Se fosse eu, ia parecer uma bicha”.
Neste
caso, o Luís refere-se sobretudo à forma de vestir do Manuel e à expressão da
sua sensibilidade através dos gostos e opiniões que manifesta, no geral. De
certa forma, o Manuel é mais capaz de se expor, do que o Luís. Contudo, o que o
Luís não sabe é que o Manuel desabafou comigo sobre sentir tantas vezes ser
difícil definir, enquanto homem, os limites entre o feminino e o masculino,
sentindo muitas vezes não corresponder ao estereótipo do masculino. Foi o
Manuel que me disse que o preconceito de não se ser homem o suficiente, põe em
causa a masculinidade.
O
resumo dos diálogos que tive com ambos os amigos, em alturas separadas, pretende apenas
funcionar como ponto de partida para a reflexão em torno de algumas questões
ligadas à construção das masculinidades e do feminino que nelas se inscreve. Não
se trata portanto, de material clínico, apesar de levantar questões comuns às
de muitos jovens adultos que vou ouvindo, em contexto de gabinete.
Segundo
Benjamin (1988), psicanalista americana, nas sociedades ocidentais, as imagens
culturais subjacentes à masculinidade geralmente continuam a significar ser-se
racional, protector, agressivo e dominador, enquanto as imagens subjacentes à
feminilidade costumam significar ser-se emocional, receptiva, afectiva,
cuidadora e submissa. Estas imagens parecem obedecer a uma ordem social ligada
à força binária, assente numa reprodução da complementaridade de géneros masculino e feminino enquanto constructos distintos e opostos.
Penso
na afirmação de Stoller (1985), psiquiatra americano, “The
first order of business in being a man is don`t be a woman” e
automaticamente também na angústia do Luís e do Manuel quando me falam da
dificuldade em exporem aspectos que tradicionalmente possam estar mais ligados
ao feminino sem o perigo de se tornarem mulheres.
Independentemente
da orientação sexual, é relativamente comum para os meninos, rapazes, adultos
serem chamados, com mais ou menos frequência, de “maricas”, “bicha”,
“paneleiro”. Sob este ponto de vista, o feminino é encarado como um sintoma
negativo (Corbett, 1996), contido em cada uma destas injúrias narcísicas.
Ducat
(2004) cria o termo “femiphobia” para assinalar o repúdio do homem pelo seu self feminino. O preconceito interno e
externo do masculino em relação ao feminino instala-se, comprometendo o saudável desenvolvimento do sujeito através de uma organização fálica defensiva, negando
aspectos ligados à capacidade procreativa e possibilidades de afecto e criação
de um homem (Fast, 1984).
Tal
como Luís, o Manuel afirma sentir-se ambivalente em relação à definição dos limites entre o feminino e o masculino.

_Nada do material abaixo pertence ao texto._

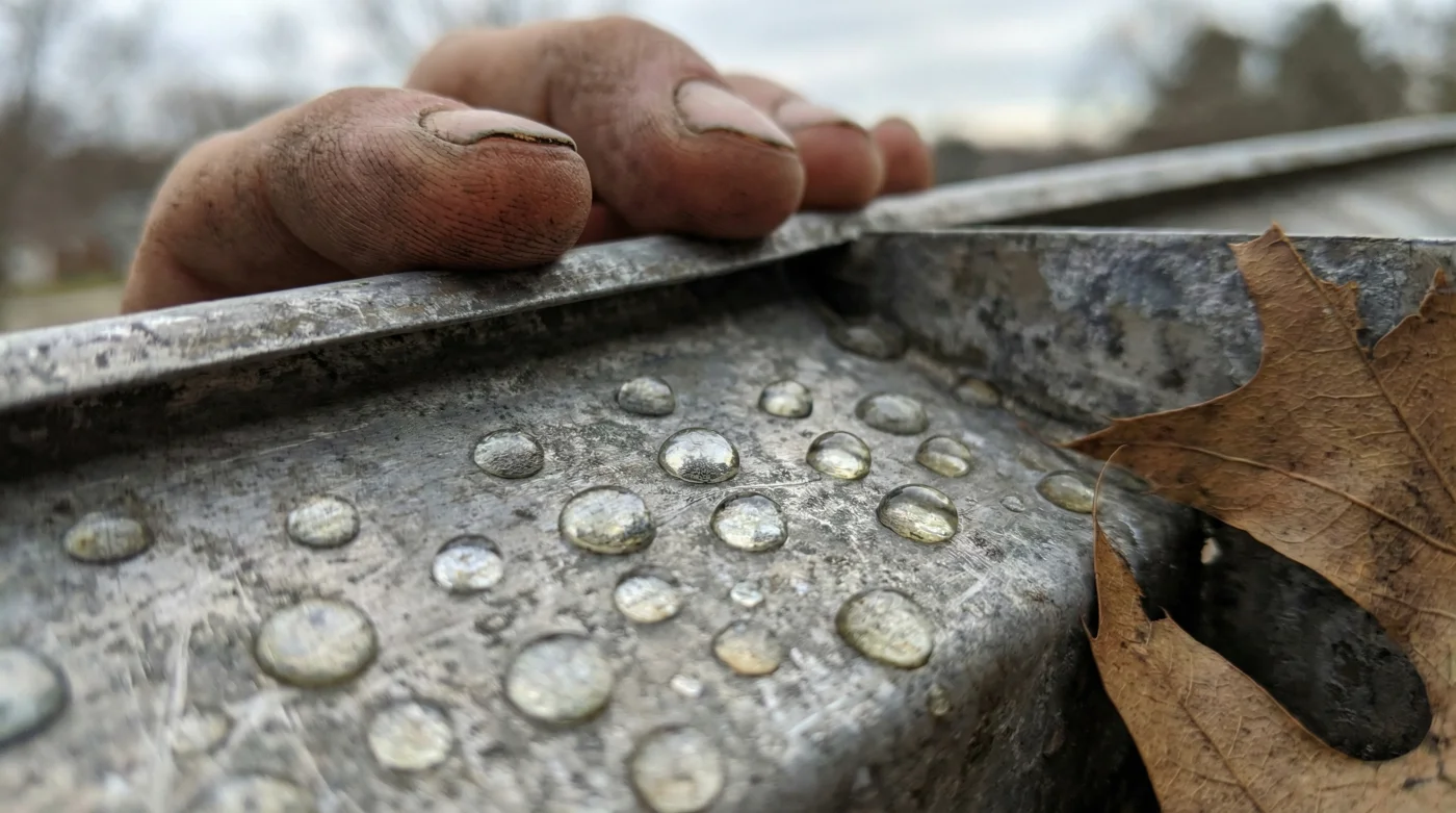 Durante años nos han convencido de que la acumulación en los canales de aguas lluvias es un problema de cantidad: demasiadas hojas y demasiada tierra. Pero el verdadero culpable es la fricción. Cuando miras el fondo de un canal de PVC o de zinc envejecido, parece liso, pero a nivel microscópico es un paisaje lleno de cráteres y porosidad. Es allí donde el polvo fino de la ciudad y los restos orgánicos se aferran. Cuando cae la primera gota de agua, este polvo se convierte en una pasta pegajosa. Las hojas caen, aterrizan sobre esta pasta y, de repente, tienes una represa en miniatura que respira a través de una almohada de lodo, bloqueando por completo el flujo hacia la bajante. La creencia popular dice que debes subir a raspar esta mugre cada dos meses. Pero, ¿qué pasaría si pudieras quitarle la fricción al metal o al plástico?

A dificuldade do Manuel poderá talvez ser validada por Corbett (2009) que
afirma que todos os géneros têm falta de coerência e são atormentados pela
ansiedade. Grayson Perry (2016), um artista plástico inglês, escreve, meio a
brincar meio a sério, que existe um
Departamento da Masculinidade que se encarrega de enviar os seus funcionários
na recolha de informações acerca do que é ser masculino numa variedade de fontes
- pais, professores, televisão, livros,
filmes. Os funcionários instalam-se dentro da cabeça de cada homem e enviam
instruções através de uma voz interna inconsciente que serve como
intercomunicador. Estes funcionários têm como tarefa patrulhar os limites do
género e assegurar que todos os membros da cultura masculina respeitam e agem
em conformidade (Buchbinder, 2013). Os
que não o fazem podem sentir-se como o Manuel – a não corresponder ao
estereótipo do masculino.
As
questões ligadas à identidade de género e, neste caso mais concreto, à
masculinidade, são transversais a todas as Pessoas, quer sejam homens,
mulheres, transexuais, intersexuais, homossexuais, heterossexuais ou assexuais.
Podem ser pensados e debatidos em muitos lugares, mas com certeza de forma aprofundada durante
um processo psicoterapêutico, se tal se justificar.